Python categorizes all objects into generations 0, 1, and 2. All newly created objects are generation 0 objects. When a generation object has gone through garbage collection and is still alive, then it is categorized as a next generation object. When garbage collection is initiated, all generation 0 objects must be scanned. If generation 0 has gone through garbage collection a certain number of times, then scanning and cleaning of generation 0 and generation 1 is initiated. When generation 1 has also gone through garbage collection a certain number of times, then a scan is initiated for 0, 1, and 2, i.e., for all objects.
These two times are the two 10s returned by (700, 10, 10) returned by get_threshold() above. i.e., every 10 times of generation 0 garbage collection will be paired with 1 time of generation 1 garbage collection; and only every 10 times of generation 1 garbage collection will be paired with 1 time of generation 2 garbage collection.
The same can be adjusted with set_threshold(), e.g. for more frequent scanning of 2-generation objects.

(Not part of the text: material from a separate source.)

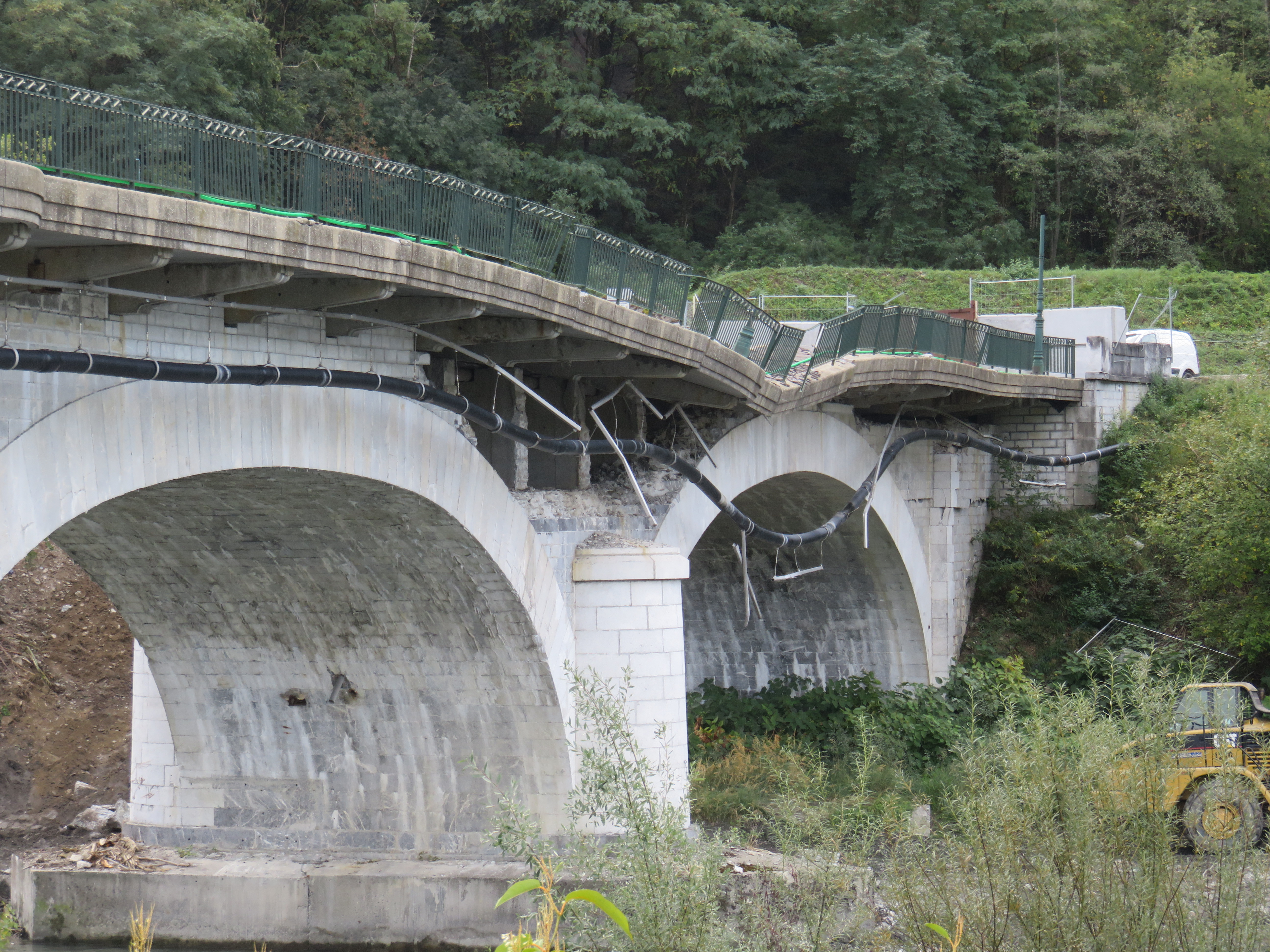 The Pont Albertin (Grignon, France) on October 3, 2018, some monts after the explosion which seriously damaged it (on May 13, 2018).

import gc gc.set_threshold(700, 10, 5)
Isolated reference loops
The existence of reference rings can make the above garbage collection mechanism very difficult. These reference loops may constitute some objects that are unusable, but have a reference count that is not zero.
a = [] b = [a] (b) del a del b
Above we first created two table objects and referenced each other to form a reference ring. After deleting the a and b references, these two objects can no longer be called from the program and are no longer useful. However, due to the existence of the reference ring, the reference count of these two objects have not been reduced to 0, and will not be garbage collected.
Isolated reference loops
To reclaim such a reference ring, Python replicates a reference count for each object, which can be notated as gc_ref. Assuming, for each object i, that count is gc_ref_i. Python iterates through all of object i. For each object j referenced by object i, the corresponding gc_ref_j is subtracted by one.
The result after traversal
At the end of the traversal, objects whose gc_ref is not 0, and objects referenced by those objects, as well as objects that continue to be referenced further downstream, need to be retained. The other objects are garbage collected.
summarize
Python, being a dynamically typed language, has a separation of objects and references. This is very different from the procedural oriented languages that were once available. In order to efficiently free memory, Python has built-in support for garbage collection.Python takes a relatively simple garbage collection mechanism, namely reference counting, and as a result needs to address the issue of isolated reference loops.
Python has both commonalities and special features with other languages. An understanding of this memory management mechanism is an important step in improving Python's performance.
This is the whole content of this article.